### Prompt
Please copy the data exactly as it stands, minus the images.

Data segment below:

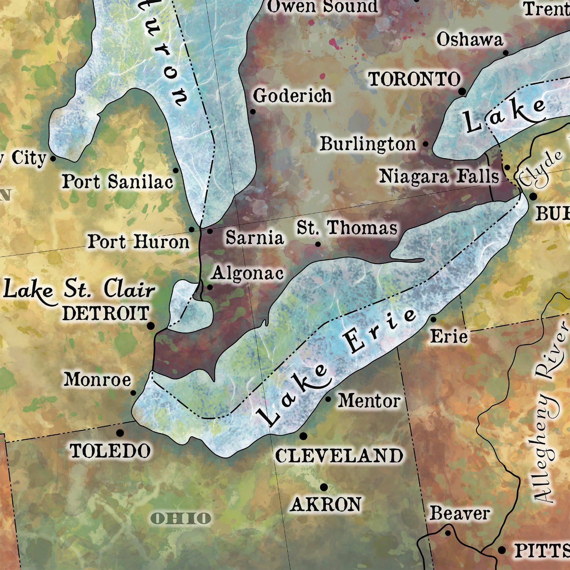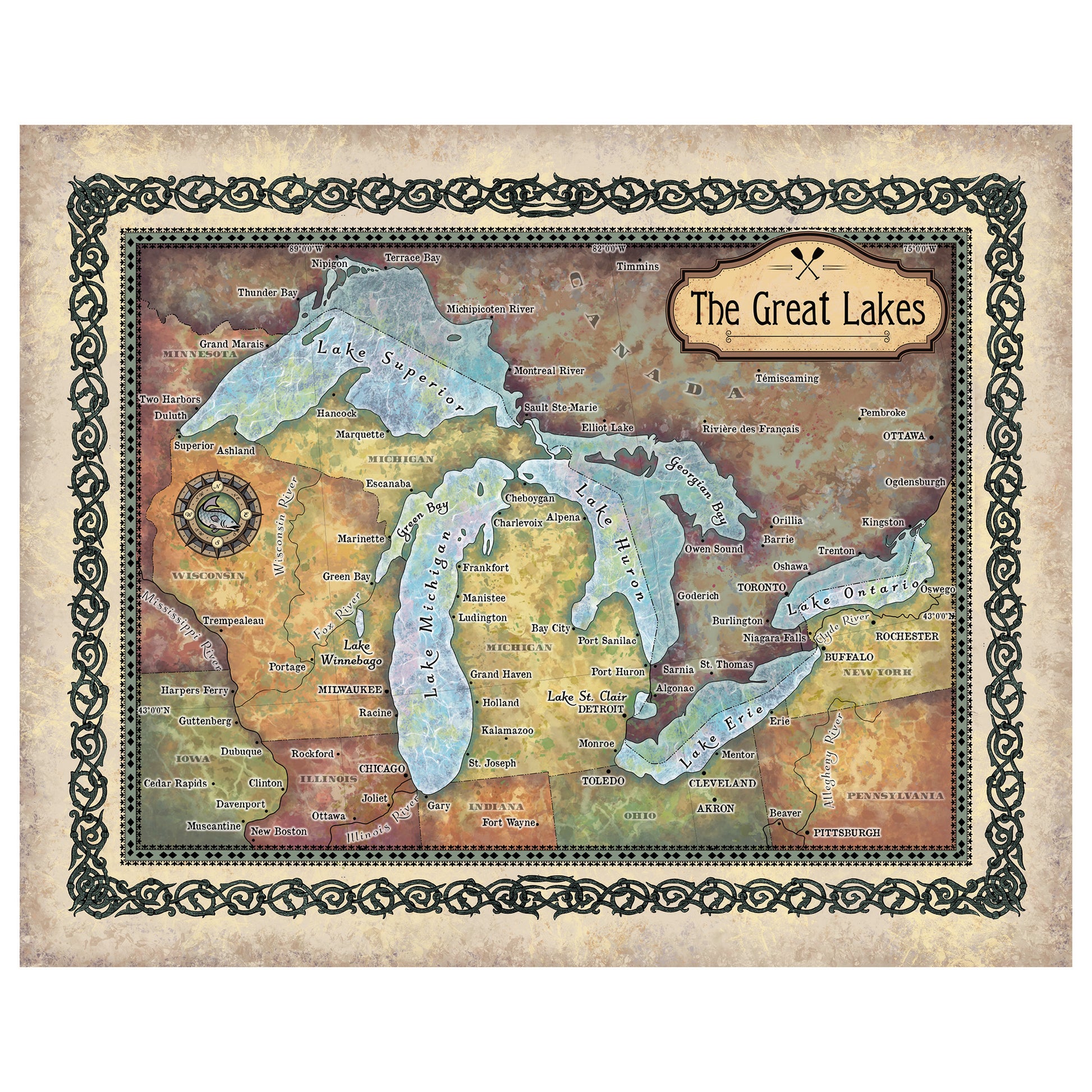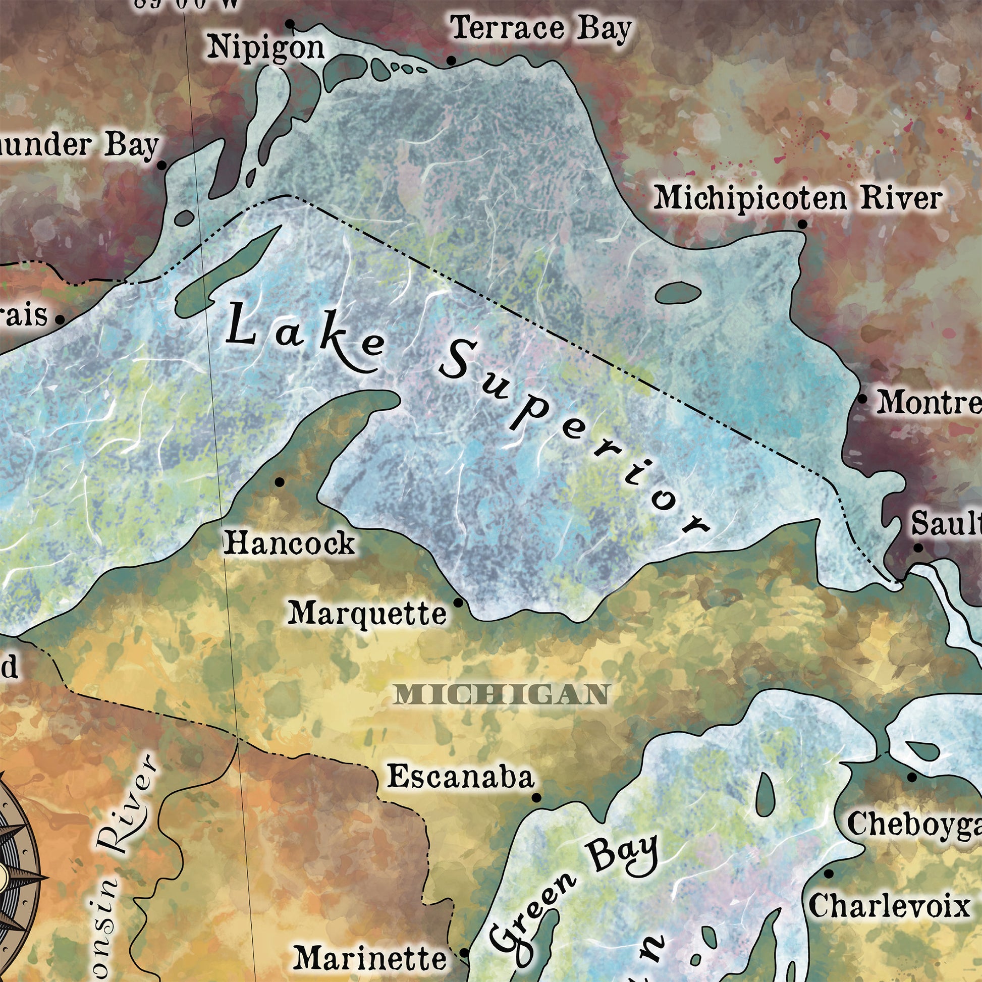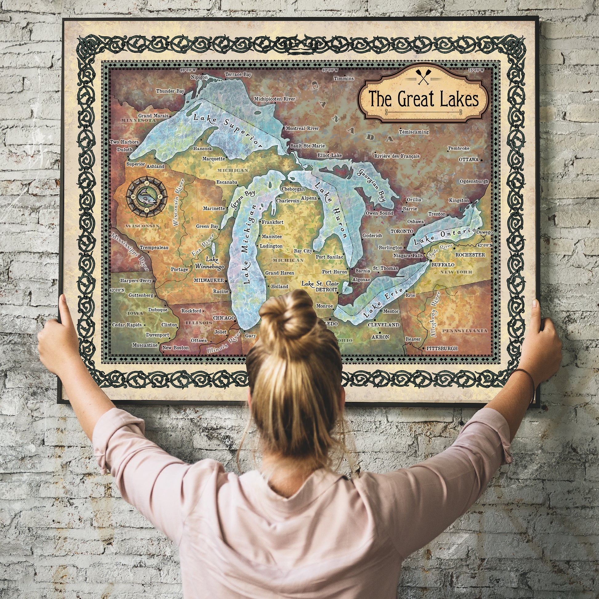 This Great lakes map of the Superior, Michigan, Erie, and Huron Lakes will add a cool freshwater breeze to your living area. Celebrate big water with this wonderful lake art, which matches perfectly with your rustic decor, cabin art, or lake house art. Help kids understand the nature the magic of the great lakes with another fine art piece by Lisa Middleton and the Great River Arts team. Please contact us for a high resolution image to review. Please read more about this map below the product descriptions. Free customization on all orders $125+.
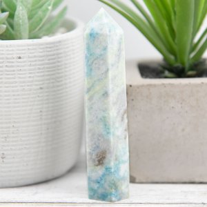This Hackmanite Point Tower is a natural specimen mined from the earth, making it a unique and authentic piece. It is an excellent addition to any collection of crystals and minerals and is perfect for anyone who loves natural beauty. This tower is also a wonderful gift for anyone interested in healing crystals and minerals, as hackmanite is believed to have specific properties that can help promote balance and harmony.
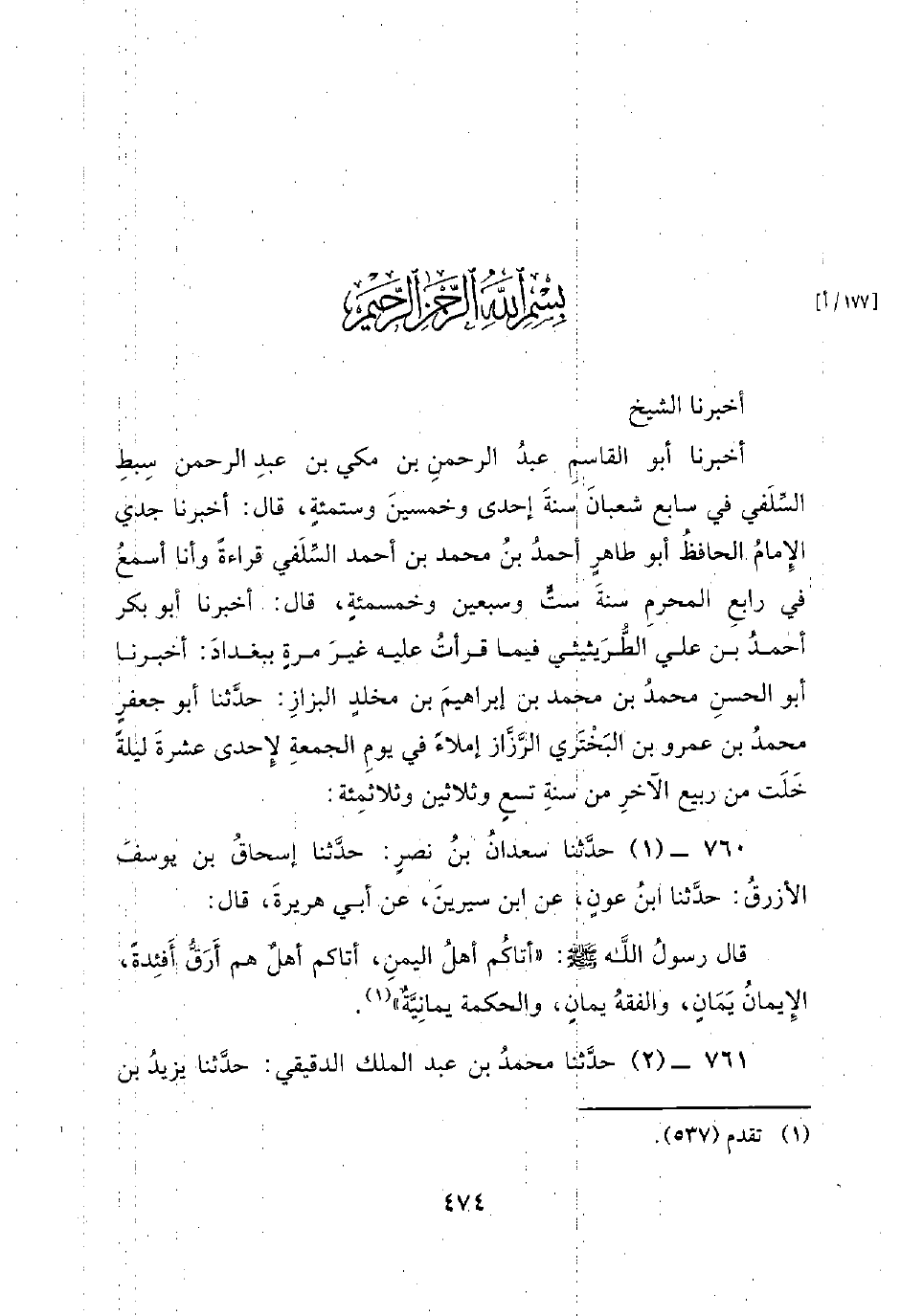 760 - (1) حَدَّثَنَا سَعْدَانُ بْنُ نَصْرٍ: حَدَّثَنَا إِسْحَاقُ بْنُ يُوسُفَ الأَزْرَقُ: حَدَّثَنَا ابْنُ عَوْنٍ، عَنِ ابْنِ سِيرِينَ، عَنْ أَبِي هُرَيْرَةَ، قَالَ: قَالَ رَسُولُ اللَّهِ صَلَّى اللَّهُ عَلَيْهِ وَسَلَّمَ: أَتَاكُمْ أَهْلُ الْيَمَنِ، أَتَاكُمْ أَهْلٌ هُمْ أَرَقُّ أَفْئِدَةً، الإِيمَانُ يَمَانٍ، وَالْفِقْهُ يَمَانٍ، وَالْحِكْمَةُ يَمَانِيَّةٌ.
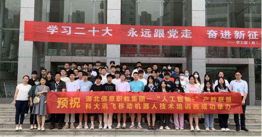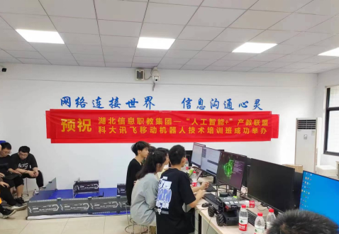 本网讯(通讯员 伍辉 朱珺/文 刘雪琴/图)5月19日至21日,“科大讯飞移动机器人技术培训”在华体会正规平台举办。本次培训由科大讯飞(苏州)科技有限公司主办,华体会正规平台电信工程学院、湖北省信息技术职教集团”人工智能+“产教联盟承办。来自湖南大学、长江大学、陕西国防工业职业技术学院、九江学院等高校的六十余名师生参加了此次培训。开班仪式上讯飞企业华中区咨询总监丁晓磊、电信工程学院副院长朱珺致辞,分别介绍了讯飞在移动机器人领域的研究成果、对参训师生表示了热烈欢迎。

End of Data segment.

### Response to the exercise
 This Great lakes map of the Superior, Michigan, Erie, and Huron Lakes will add a cool freshwater breeze to your living area. Celebrate big water with this wonderful lake art, which matches perfectly with your rustic decor, cabin art, or lake house art. Help kids understand the nature the magic of the great lakes with another fine art piece by Lisa Middleton and the Great River Arts team. Please contact us for a high resolution image to review. Please read more about this map below the product descriptions. Free customization on all orders $125+.
This Hackmanite Point Tower is a natural specimen mined from the earth, making it a unique and authentic piece. It is an excellent addition to any collection of crystals and minerals and is perfect for anyone who loves natural beauty. This tower is also a wonderful gift for anyone interested in healing crystals and minerals, as hackmanite is believed to have specific properties that can help promote balance and harmony.
 760 - (1) حَدَّثَنَا سَعْدَانُ بْنُ نَصْرٍ: حَدَّثَنَا إِسْحَاقُ بْنُ يُوسُفَ الأَزْرَقُ: حَدَّثَنَا ابْنُ عَوْنٍ، عَنِ ابْنِ سِيرِينَ، عَنْ أَبِي هُرَيْرَةَ، قَالَ: قَالَ رَسُولُ اللَّهِ صَلَّى اللَّهُ عَلَيْهِ وَسَلَّمَ: أَتَاكُمْ أَهْلُ الْيَمَنِ، أَتَاكُمْ أَهْلٌ هُمْ أَرَقُّ أَفْئِدَةً، الإِيمَانُ يَمَانٍ، وَالْفِقْهُ يَمَانٍ، وَالْحِكْمَةُ يَمَانِيَّةٌ.
 本网讯(通讯员 伍辉 朱珺/文 刘雪琴/图)5月19日至21日,“科大讯飞移动机器人技术培训”在华体会正规平台举办。本次培训由科大讯飞(苏州)科技有限公司主办,华体会正规平台电信工程学院、湖北省信息技术职教集团”人工智能+“产教联盟承办。来自湖南大学、长江大学、陕西国防工业职业技术学院、九江学院等高校的六十余名师生参加了此次培训。开班仪式上讯飞企业华中区咨询总监丁晓磊、电信工程学院副院长朱珺致辞,分别介绍了讯飞在移动机器人领域的研究成果、对参训师生表示了热烈欢迎。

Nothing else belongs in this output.